If you are a long-haul trucker in Mississippi, you need to be aware of a new change in store for 2018 that could affect the way you earn your living. In response to the opioid epidemic in the United States, the United States Department of Transportation is adding additional drugs to the list to its drug-testing panel: hydrocodone, hydromorphone, oxymorphone, and oxycodone to its drug-testing panel.  Additionally, the USDOT is adding methylenedioxyamphetamine as an initial test analyte; and removing methylenedioxyethylamphetamine as a confirmatory test analyte.

These new drugs become subject to testing on January 1, 2018.

Of course, what makes these additional drugs complex to regulate is that, as opposed to illegal narcotics such as heroin or cocaine, the new additions are all legal with a prescription. Accordingly, you could have a positive test for them because you are using them according to a physician-issued prescription.

If you are required to take a drug test either as part of an employer mandated policy or after an accident, you need to know your rights. As opposed to having the presence of illegal drugs in your system, there may be a legitimate and legal reason that you have one of these substances in your system.  If you are disciplined as a result of a “hot” test for any of these drugs, it is imperative that you contact an experienced trucking attorney immediately to protect your rights.

The Challenges of Testing for Opioids

We are all familiar with laws regarding DUI and the roadside stops and breath tests to detect alcohol in the blood of a driver. While those tests are hardly perfect, they are based on much more predictable science than testing for opioids. When a person consumes alcohol, it first enters the body through ingestion, quickly enters the blood stream, and is then expelled from the body. If you were to graph the amount of alcohol in a person’s blood after drinking, the graph would resemble a traditional bell curve, with very small amounts of alcohol at the time of initial ingestion, rising amounts while it is in the blood stream, and a sharp decrease back down to zero once it is expelled.

Opioids, like many other drugs, do not behave in the system like alcohol. If you have ever been prescribed these drugs, you know that they accumulate in the body slowly over days.  That is because opioids accumulate in fat cells and do not just pass through the digestive and circulatory system like alcohol. Several days after using a prescribed opioid, you likely still have it excreting into your blood through fat cells that absorbed it days ago. If you have been taking a prescription opioid for a long period of time, you may be within the therapeutic dosage limits, but have enough of a prohibited drug in your system to suggest abuse. 

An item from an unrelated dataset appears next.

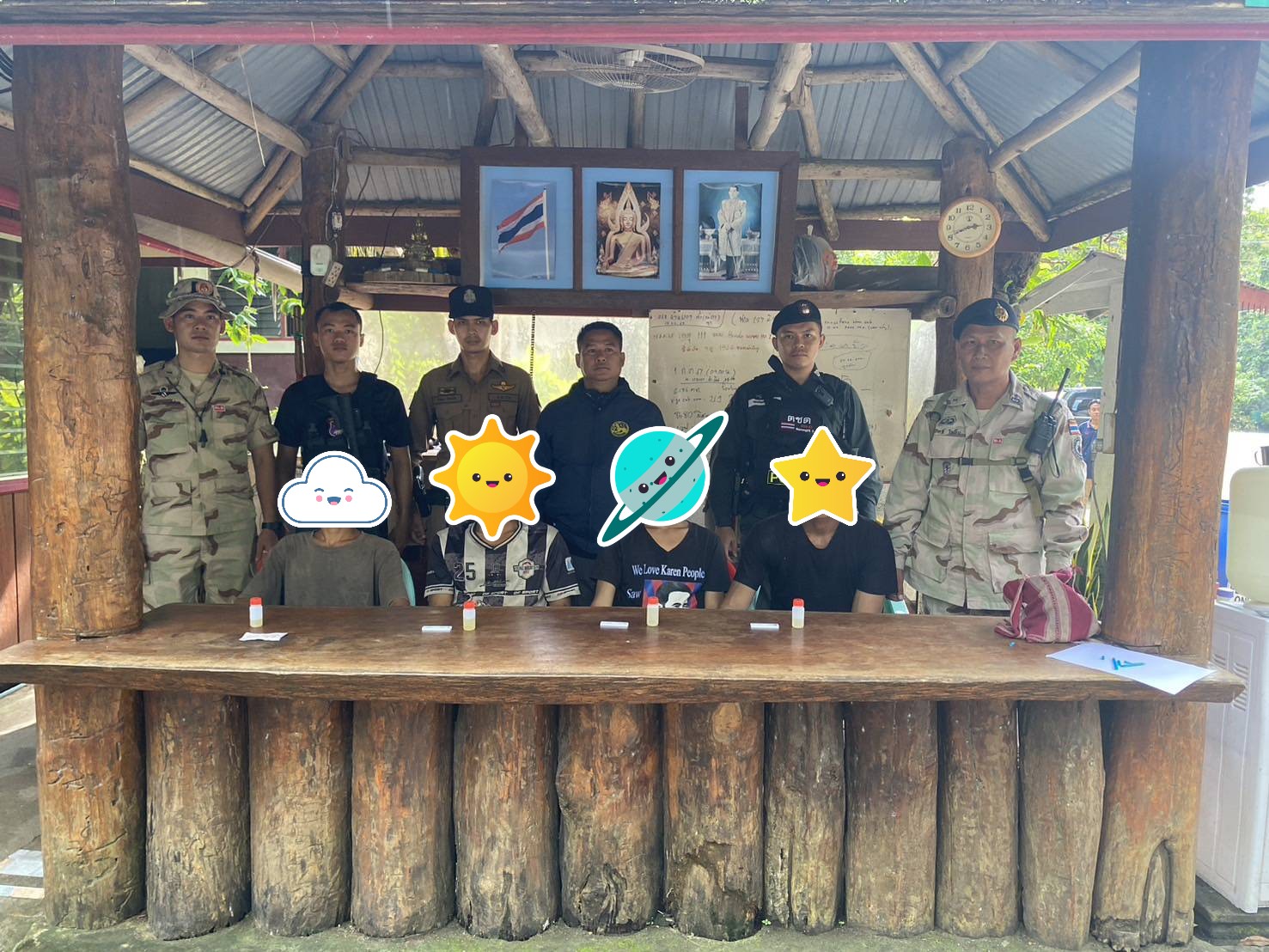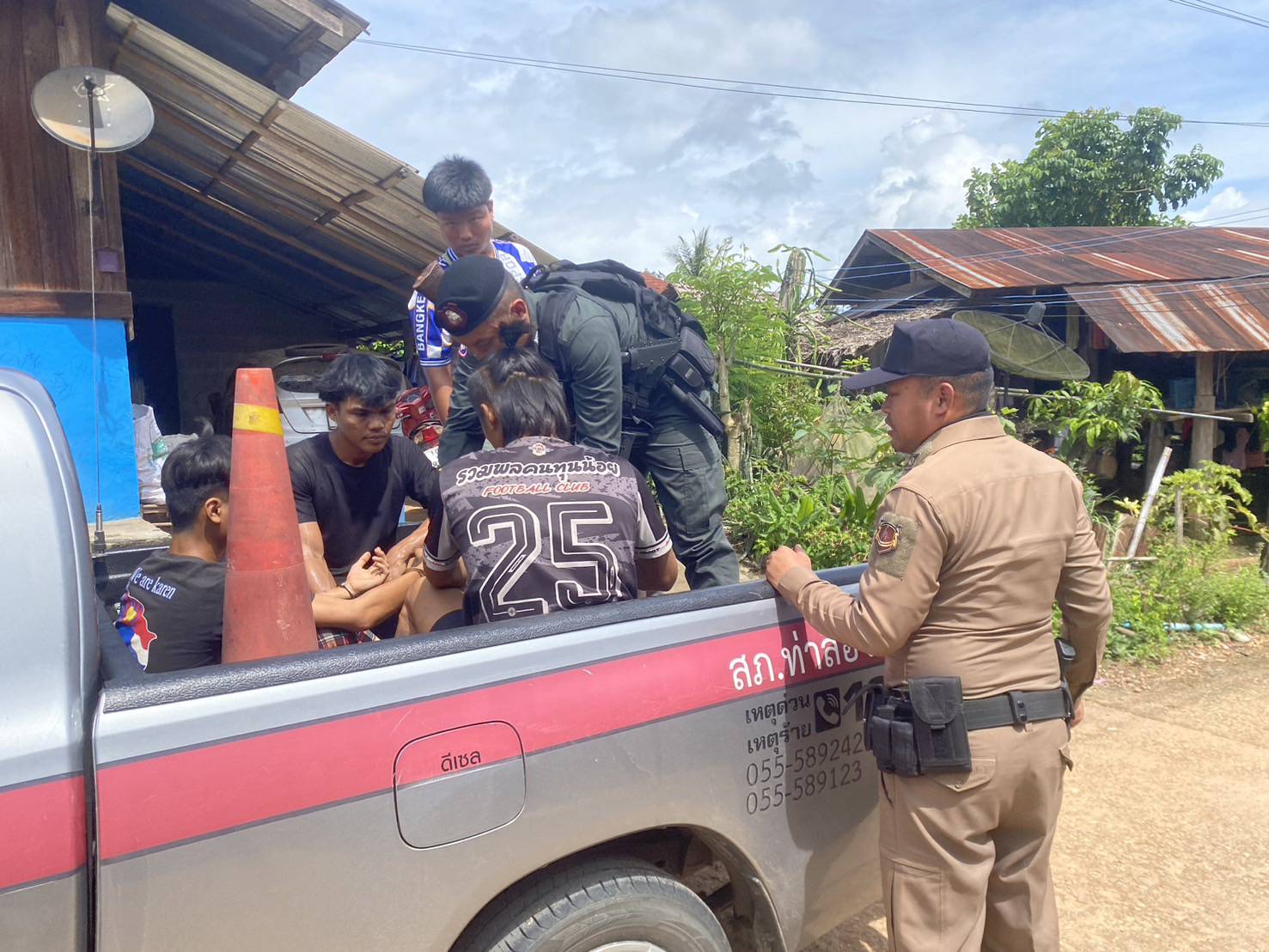 เมื่อ 261400 ก.ย. 68 ส.ต.อ.กมลศักดิ์ กิจโดมกุล พร้อม กพ.ชุด ชปข.มว.ตชด.3442 รวม 4 นาย ร่วมกับ จนท.ตร.สภ.ท่าสองยาง(จุดตตรวจแม่หละ) , ผู้ใหญ่บ้าน-ชรบ.หมู่ 2 ร่วมกันออก ลว.ฯ ภายในหมู่บ้านแม่หละยาง เพื่อตรวจสอบเป้าหมายมั่วสุมเสพยาเสพติด บริเวณห้องน้ำเก่า ข้างกระท่อมไม่มีเลขที่ ภายในหมู่บ้านแม่หละยาง หมู่ 2 ต.แม่หละ อ.ท่าสองยาง จว.ตาก พิกัด 47Q MU271955 พบผู้ต้องหา 4 ราย มั่วสุมเสพยาอยู่ในห้องน้ำดังกล่าว ดังนี้

While opioids have existed for quite a while, the effort to regulate their use in industries such as trucking remains new. Unlike alcohol, testing protocols are not well developed and can erroneously suggest a person using opioids for a legitimate health issue is actually abusing them. 

What Should You Do if You Fail a Drug Test?

If you are accused of abusing opioids due to these new USDOT rules or any other company mandated drug testing, call an experienced trucking attorney to protect your rights.

Call Barrett Law now, an experienced Mississippi trucking law firm, to represent you if you have failed a drug test or are having other trucking-related legal problems

Barrett Law has the experience to protect your rights, your livelihood, and your income.  Contact us now at (800) 707-9577 to get experienced counsel on your side.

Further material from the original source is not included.